*Prompt*:
Copy exactly, please, each line of the data below until the line that contains "by SpeakIn experts." has been copied, beginning at the top.

Data extracted from a collection
==*==
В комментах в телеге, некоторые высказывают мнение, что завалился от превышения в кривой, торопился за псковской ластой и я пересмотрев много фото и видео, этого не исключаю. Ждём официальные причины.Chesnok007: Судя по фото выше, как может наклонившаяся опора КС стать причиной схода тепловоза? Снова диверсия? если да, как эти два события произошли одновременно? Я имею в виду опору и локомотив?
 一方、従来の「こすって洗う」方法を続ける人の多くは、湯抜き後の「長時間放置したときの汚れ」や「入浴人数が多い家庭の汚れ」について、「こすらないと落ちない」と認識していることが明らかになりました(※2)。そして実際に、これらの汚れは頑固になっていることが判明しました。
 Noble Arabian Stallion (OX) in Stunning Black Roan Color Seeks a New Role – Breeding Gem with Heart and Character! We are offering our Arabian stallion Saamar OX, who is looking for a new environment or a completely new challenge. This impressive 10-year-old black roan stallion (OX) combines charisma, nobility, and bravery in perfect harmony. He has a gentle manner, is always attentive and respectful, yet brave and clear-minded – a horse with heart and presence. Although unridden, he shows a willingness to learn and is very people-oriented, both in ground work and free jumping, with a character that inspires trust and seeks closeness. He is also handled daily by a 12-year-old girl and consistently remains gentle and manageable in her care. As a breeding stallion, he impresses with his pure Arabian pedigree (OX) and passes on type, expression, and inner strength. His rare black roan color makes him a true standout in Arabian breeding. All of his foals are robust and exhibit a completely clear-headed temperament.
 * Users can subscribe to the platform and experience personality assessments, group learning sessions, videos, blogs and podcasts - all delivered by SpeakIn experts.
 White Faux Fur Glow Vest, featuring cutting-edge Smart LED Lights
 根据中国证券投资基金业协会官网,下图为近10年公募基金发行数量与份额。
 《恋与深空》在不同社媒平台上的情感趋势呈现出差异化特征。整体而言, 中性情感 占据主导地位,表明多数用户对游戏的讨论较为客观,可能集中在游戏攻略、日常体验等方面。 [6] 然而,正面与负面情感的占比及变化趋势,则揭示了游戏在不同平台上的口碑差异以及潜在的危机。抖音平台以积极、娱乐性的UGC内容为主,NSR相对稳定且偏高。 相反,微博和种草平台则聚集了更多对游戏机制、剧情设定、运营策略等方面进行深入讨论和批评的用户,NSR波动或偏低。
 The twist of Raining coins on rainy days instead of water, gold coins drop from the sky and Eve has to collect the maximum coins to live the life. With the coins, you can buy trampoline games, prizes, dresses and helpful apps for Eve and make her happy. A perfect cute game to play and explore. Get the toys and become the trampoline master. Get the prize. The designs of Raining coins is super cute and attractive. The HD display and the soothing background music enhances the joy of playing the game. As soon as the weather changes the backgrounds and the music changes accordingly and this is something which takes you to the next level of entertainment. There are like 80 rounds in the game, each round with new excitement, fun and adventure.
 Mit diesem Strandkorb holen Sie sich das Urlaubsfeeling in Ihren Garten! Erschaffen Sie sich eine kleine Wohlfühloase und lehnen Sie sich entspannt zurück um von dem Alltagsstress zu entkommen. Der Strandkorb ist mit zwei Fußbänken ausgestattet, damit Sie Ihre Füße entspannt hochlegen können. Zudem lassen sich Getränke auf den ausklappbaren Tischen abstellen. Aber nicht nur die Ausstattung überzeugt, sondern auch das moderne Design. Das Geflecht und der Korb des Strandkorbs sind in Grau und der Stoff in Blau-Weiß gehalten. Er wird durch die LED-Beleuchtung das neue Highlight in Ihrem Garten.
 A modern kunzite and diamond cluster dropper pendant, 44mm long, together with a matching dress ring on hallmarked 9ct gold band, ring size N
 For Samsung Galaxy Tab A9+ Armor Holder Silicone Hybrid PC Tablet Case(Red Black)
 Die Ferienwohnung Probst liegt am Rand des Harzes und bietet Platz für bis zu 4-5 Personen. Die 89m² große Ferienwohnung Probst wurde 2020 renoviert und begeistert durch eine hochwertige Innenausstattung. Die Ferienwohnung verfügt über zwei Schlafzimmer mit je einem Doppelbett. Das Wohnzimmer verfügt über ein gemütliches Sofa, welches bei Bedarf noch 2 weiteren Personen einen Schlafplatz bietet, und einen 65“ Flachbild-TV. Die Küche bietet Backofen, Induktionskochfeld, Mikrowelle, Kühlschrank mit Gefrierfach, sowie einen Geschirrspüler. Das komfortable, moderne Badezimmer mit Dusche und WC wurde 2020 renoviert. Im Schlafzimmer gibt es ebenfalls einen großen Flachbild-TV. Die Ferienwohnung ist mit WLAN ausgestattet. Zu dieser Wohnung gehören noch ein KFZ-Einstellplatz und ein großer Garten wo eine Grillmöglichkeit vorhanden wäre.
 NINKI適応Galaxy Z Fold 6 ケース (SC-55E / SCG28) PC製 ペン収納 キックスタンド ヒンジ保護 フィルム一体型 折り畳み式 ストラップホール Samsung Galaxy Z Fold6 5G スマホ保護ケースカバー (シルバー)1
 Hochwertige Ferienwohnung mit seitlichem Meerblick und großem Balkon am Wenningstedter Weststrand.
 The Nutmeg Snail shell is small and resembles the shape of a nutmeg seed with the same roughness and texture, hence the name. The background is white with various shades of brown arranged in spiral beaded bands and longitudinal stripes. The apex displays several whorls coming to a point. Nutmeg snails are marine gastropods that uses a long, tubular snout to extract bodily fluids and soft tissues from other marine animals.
==*==
*Written solution*:
В комментах в телеге, некоторые высказывают мнение, что завалился от превышения в кривой, торопился за псковской ластой и я пересмотрев много фото и видео, этого не исключаю. Ждём официальные причины.Chesnok007: Судя по фото выше, как может наклонившаяся опора КС стать причиной схода тепловоза? Снова диверсия? если да, как эти два события произошли одновременно? Я имею в виду опору и локомотив?
 一方、従来の「こすって洗う」方法を続ける人の多くは、湯抜き後の「長時間放置したときの汚れ」や「入浴人数が多い家庭の汚れ」について、「こすらないと落ちない」と認識していることが明らかになりました(※2)。そして実際に、これらの汚れは頑固になっていることが判明しました。
 Noble Arabian Stallion (OX) in Stunning Black Roan Color Seeks a New Role – Breeding Gem with Heart and Character! We are offering our Arabian stallion Saamar OX, who is looking for a new environment or a completely new challenge. This impressive 10-year-old black roan stallion (OX) combines charisma, nobility, and bravery in perfect harmony. He has a gentle manner, is always attentive and respectful, yet brave and clear-minded – a horse with heart and presence. Although unridden, he shows a willingness to learn and is very people-oriented, both in ground work and free jumping, with a character that inspires trust and seeks closeness. He is also handled daily by a 12-year-old girl and consistently remains gentle and manageable in her care. As a breeding stallion, he impresses with his pure Arabian pedigree (OX) and passes on type, expression, and inner strength. His rare black roan color makes him a true standout in Arabian breeding. All of his foals are robust and exhibit a completely clear-headed temperament.
 * Users can subscribe to the platform and experience personality assessments, group learning sessions, videos, blogs and podcasts - all delivered by SpeakIn experts.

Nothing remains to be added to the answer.